* **Assigned task**:
Copy out the entries below exactly as they stand, but only from the line containing "Spotter Box Ref: 053915" through the line containing "Metināšana tiek aktivizēta".

Records excerpted from a collection:
=-=-=

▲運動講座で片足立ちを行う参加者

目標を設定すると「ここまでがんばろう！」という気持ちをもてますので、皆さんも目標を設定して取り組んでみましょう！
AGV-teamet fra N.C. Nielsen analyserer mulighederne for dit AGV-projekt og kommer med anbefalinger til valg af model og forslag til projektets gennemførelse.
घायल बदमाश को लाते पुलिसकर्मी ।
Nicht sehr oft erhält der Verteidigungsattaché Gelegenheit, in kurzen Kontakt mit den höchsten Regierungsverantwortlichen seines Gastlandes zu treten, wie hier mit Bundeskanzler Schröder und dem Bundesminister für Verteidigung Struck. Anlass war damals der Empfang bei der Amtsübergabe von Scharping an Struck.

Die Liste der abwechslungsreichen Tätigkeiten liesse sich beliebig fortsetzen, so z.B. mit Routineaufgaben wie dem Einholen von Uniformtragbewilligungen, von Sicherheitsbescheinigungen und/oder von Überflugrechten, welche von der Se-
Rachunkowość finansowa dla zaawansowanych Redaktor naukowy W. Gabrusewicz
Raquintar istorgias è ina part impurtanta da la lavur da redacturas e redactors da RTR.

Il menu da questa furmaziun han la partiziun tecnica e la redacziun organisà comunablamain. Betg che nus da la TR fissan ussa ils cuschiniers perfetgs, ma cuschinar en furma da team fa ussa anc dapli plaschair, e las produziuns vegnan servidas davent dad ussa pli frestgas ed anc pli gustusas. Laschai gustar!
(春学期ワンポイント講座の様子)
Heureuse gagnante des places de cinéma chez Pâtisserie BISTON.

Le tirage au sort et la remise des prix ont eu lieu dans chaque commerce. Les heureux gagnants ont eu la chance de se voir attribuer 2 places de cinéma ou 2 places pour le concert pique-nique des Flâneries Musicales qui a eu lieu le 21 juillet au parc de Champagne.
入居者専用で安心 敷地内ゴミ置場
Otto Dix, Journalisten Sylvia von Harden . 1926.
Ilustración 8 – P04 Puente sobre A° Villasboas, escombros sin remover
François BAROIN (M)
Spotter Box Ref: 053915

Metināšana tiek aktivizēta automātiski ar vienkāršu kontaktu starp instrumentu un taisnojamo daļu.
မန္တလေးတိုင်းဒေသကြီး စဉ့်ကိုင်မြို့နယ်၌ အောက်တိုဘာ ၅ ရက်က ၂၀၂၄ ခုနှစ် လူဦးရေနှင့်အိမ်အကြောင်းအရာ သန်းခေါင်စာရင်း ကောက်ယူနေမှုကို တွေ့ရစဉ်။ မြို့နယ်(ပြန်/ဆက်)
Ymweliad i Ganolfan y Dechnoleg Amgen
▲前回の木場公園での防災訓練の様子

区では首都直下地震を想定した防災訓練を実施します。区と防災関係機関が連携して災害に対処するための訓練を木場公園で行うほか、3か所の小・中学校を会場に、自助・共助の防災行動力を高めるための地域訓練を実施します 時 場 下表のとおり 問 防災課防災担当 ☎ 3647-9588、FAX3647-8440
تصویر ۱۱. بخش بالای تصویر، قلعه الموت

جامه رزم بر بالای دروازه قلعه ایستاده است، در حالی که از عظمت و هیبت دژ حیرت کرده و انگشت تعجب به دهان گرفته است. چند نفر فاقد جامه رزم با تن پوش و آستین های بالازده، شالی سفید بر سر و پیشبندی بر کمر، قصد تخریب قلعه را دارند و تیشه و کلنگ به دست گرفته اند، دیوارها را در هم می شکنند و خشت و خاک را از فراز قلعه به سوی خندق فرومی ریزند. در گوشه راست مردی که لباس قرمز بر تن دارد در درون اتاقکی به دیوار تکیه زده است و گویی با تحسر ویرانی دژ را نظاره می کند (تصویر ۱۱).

=-=-=

* **Output of the exercise**:
Spotter Box Ref: 053915

Metināšana tiek aktivizēta automātiski ar vienkāršu kontaktu starp instrumentu un taisnojamo daļu.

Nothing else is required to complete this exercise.